Any financial institution participating in the Capital Purchase Program will be subject to more stringent executive compensation rules for the period during which Treasury holds equity issued under this program. The financial institution must meet certain standards, including: (1) ensuring that incentive compensation for senior executives does not encourage unnecessary and excessive risks that threaten the value of the financial institution;

At first glance, that sounds reasonable (unless you’re one of those wacky free-market types who doesn’t think government should be setting salaries)—but I’d really like to know how we’re going to define “excessive risks.” Seems that could get mighty tricky mighty fast. Plus, don’t executives already have a fiduciary responsibility to shareholders to not do things that threaten the value of their financial institutions? We see how far that got us.

(2) required clawback of any bonus or incentive compensation paid to a senior executive based on statements of earnings, gains, or other criteria that are later proven to be materially inaccurate;

As I mentioned last month, the government already has the ability to do this under Sarbanes-Oxley. It’s not exactly a well-used provision.

(3) prohibition on the financial institution from making any golden parachute payment to a senior executive based on the Internal Revenue Code provision;

Okay, this might have teeth.

and (4) agreement not to deduct for tax purposes executive compensation in excess of $500,000 for each senior executive.

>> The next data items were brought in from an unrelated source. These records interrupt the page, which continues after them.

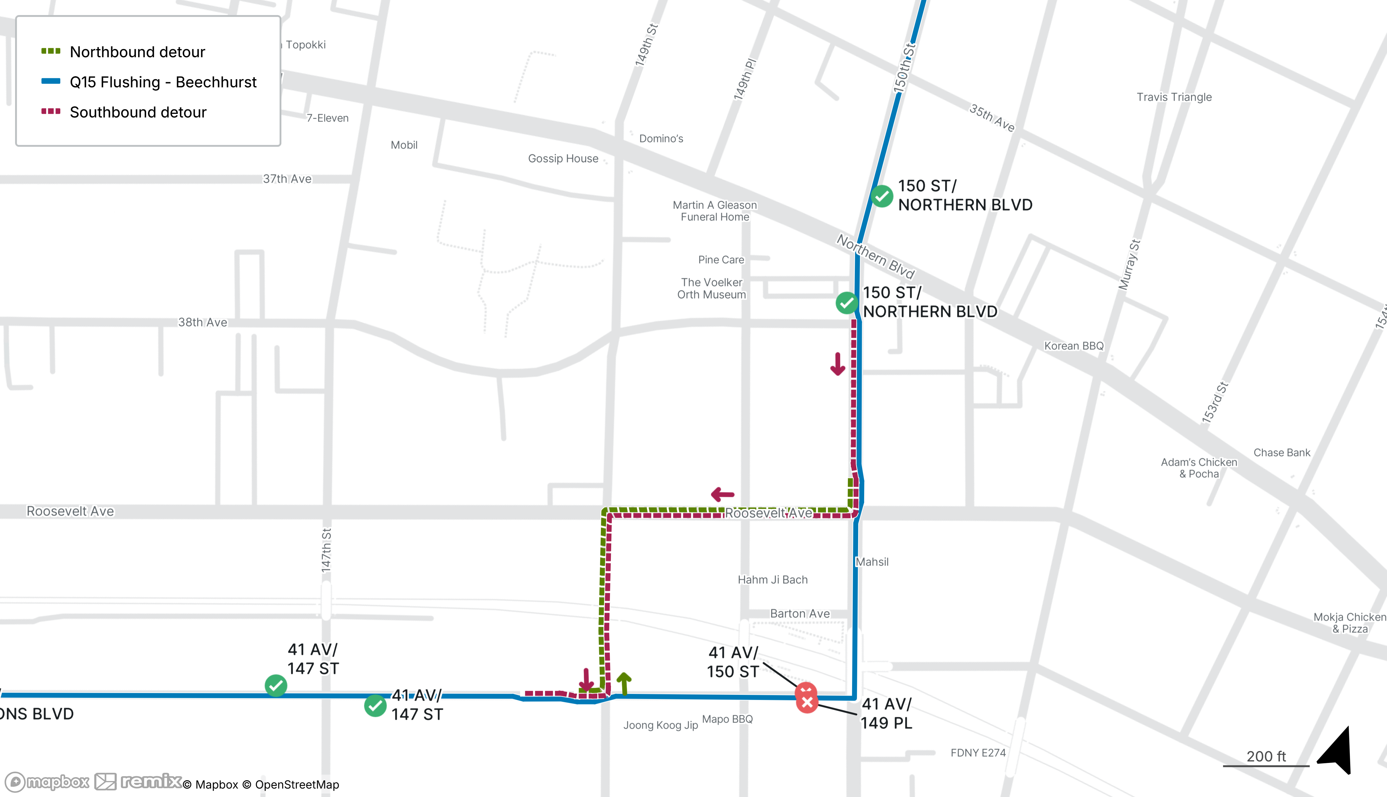 Q15 northbound stop on 41st Ave at 149th Pl and southbound stop on 41st Ave at 150th St will be closed
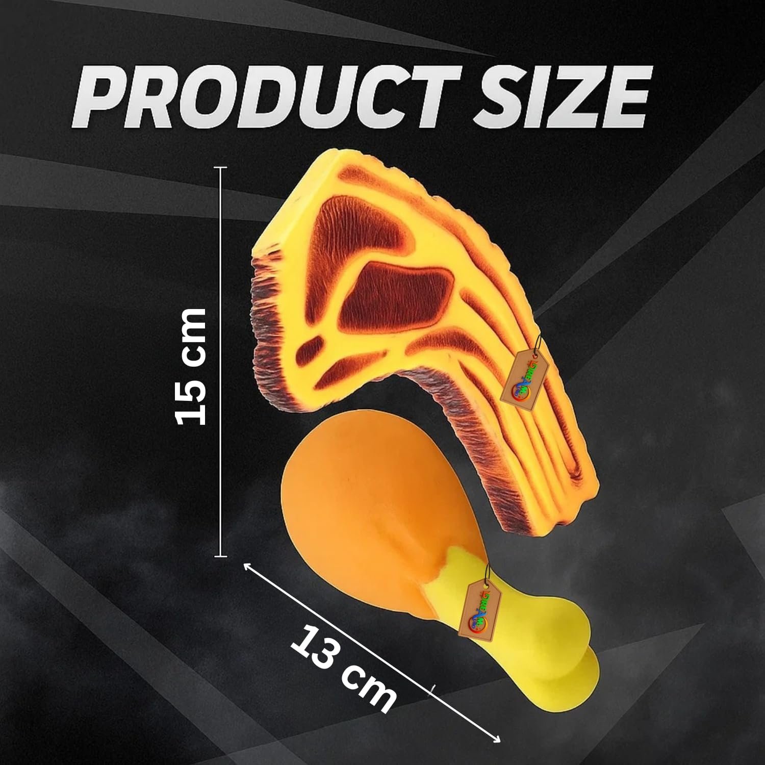 Meat Piece & Chicken Leg Squeaky Toy Combo combines two novelty designs for maximum fun. The meat piece adds a realistic chew-style toy, while the chicken leg offers a humorous, cartoon twist to playtime that both pets and owners will love. Each toy comes with a built-in squeaker that produces exciting sounds when bitten, capturing your pet’s attention instantly. Perfect for chewing, fetching, and solo play, these toys stimulate natural instincts and keep pets happily entertained. Crafted from soft yet chew-resistant rubber or latex, these toys withstand daily play. The materials are non-toxic and gentle on teeth, making them suitable for both puppies and adult dogs, as well as cats who enjoy pouncing and batting around toys. Built-in squeakers produce sounds that trigger pets’ natural instincts. The squeak encourages longer play sessions, reduces boredom, and helps keep pets mentally stimulated while also promoting physical activity indoors or outdoors. Chewing on these toys can help massage gums and reduce plaque buildup, supporting better oral health. The textured bone ball and soft turkey toy provide a comfortable chewing experience that’s safe for everyday play. Whether you have an energetic puppy, a playful cat, or an adult dog, this combo pack is designed for multi-pet households. The toys can be enjoyed by pets of all sizes, making them versatile and cost-effective for owners. These squeaky toys provide comfort and entertainment, helping to reduce stress and separation anxiety in pets. The playful sounds and textures distract pets from destructive chewing habits on shoes, furniture, or other belongings.
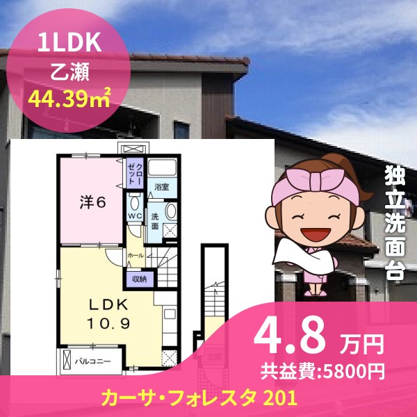 月額賃料は4.8万円で、共益費は5800円です
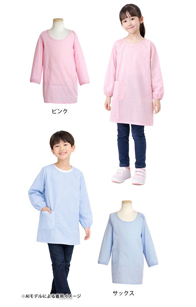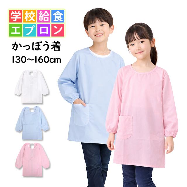 給食 エプロン かっぽう着 白衣 長袖 子供用 キッズ 男の子 女の子 無地 学校 子供エプロン 小学生 130cm 140cm 150cm 160cm
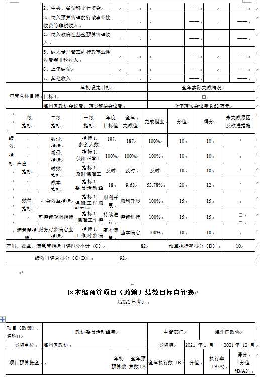 (1)“政协会议费”项目自评综述:根据年初设定的绩效目标,项目自评得分92分。项目全年预算数为18万元,执行数为9.68万元,完成预算的53.78%。项目绩效目标完成情况:2021年度政协会议费总目标18万元、年初预算数18万元,全年预计执行9.68万元,执行率53.78%。发现的主要问题及原因:各项制度措施不够完善。下一步改进措施:进一步加强和规范项目和资金管理,完善项目和资金使用。
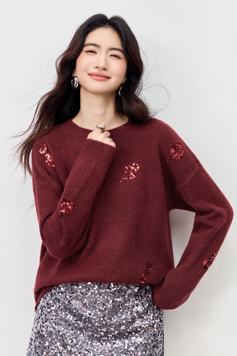 【内购】【花影琉光】时尚洋气节日穿搭圆领绣花宽松含绵羊毛弹力厚毛衣-W54EE3874
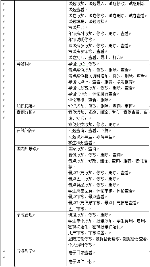 教(jiao)師主要功(gong)能包括班(ban)級學(xue)生(sheng)管(guan)(guan)(guan)理(li)(li)(li)(li)、導游(you)基礎(chu)知(zhi)識管(guan)(guan)(guan)理(li)(li)(li)(li)、國內導游(you)知(zhi)識管(guan)(guan)(guan)理(li)(li)(li)(li)、國外(wai)導游(you)知(zhi)識管(guan)(guan)(guan)理(li)(li)(li)(li)、情(qing)景(jing)題目管(guan)(guan)(guan)理(li)(li)(li)(li)、導游(you)證考試(shi)資料管(guan)(guan)(guan)理(li)(li)(li)(li)、模擬考試(shi)、導游(you)詞(ci)管(guan)(guan)(guan)理(li)(li)(li)(li)、導游(you)案(an)例管(guan)(guan)(guan)理(li)(li)(li)(li)、知(zhi)識拓展、案(an)例分析(xi)管(guan)(guan)(guan)理(li)(li)(li)(li)、在線問答(da)、國內外(wai)景(jing)點信息管(guan)(guan)(guan)理(li)(li)(li)(li)等。
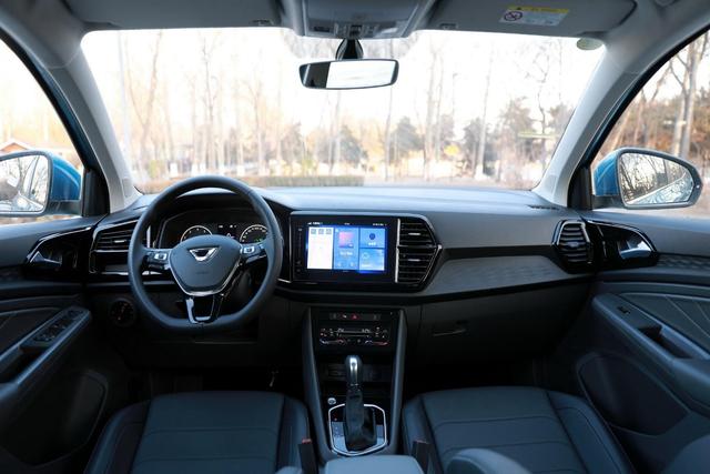 外观看上去比较新鲜,但来到内饰,大家还是能找到比较明显的大众特征,各功能区域的划分清晰明了,并且中控台还向驾驶员一侧倾斜。虽然和大众家族设计语言有所区别,但绝大多数零部件还是与大众产品相互通用的,例如空调控制区、仪表盘、方向盘、换挡杆造型等,都是熟悉的味道。
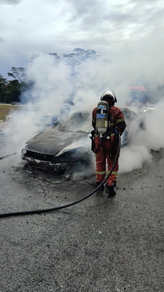 Kereta terbakar di Bulatan Kampung Gersik, pemandu sempat selamatkan diri
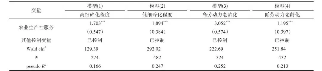 该部分进一步分析农业生产性服务对不同耕地细碎化程度和家庭劳动力老龄化程度影响的异质性。采用耕地块数与经营耕地面积比值测算耕地细碎化程度,家庭60岁以上农业劳动力占总农业劳动力比重衡量劳动力质量。结果见表5,农业生产性服务对不同耕地细碎化特征和劳动力老龄化程度家庭耕地保护技术采纳都有显著影响。

Treasury is issuing interim final rules for these executive compensation standards.

It’s almost laughable they’re bringing this up again. When Congress instituted this law the first time around—with a $1 million tax-deductibility cap—companies just started paying executives in stock options, deferred compensation, and other goodies. Although I guess a lot of this was added to the bill to improve its chances of passing Congress, and not necessarily to do the things it purports to be able to do. So in that way, it’s worked quite well.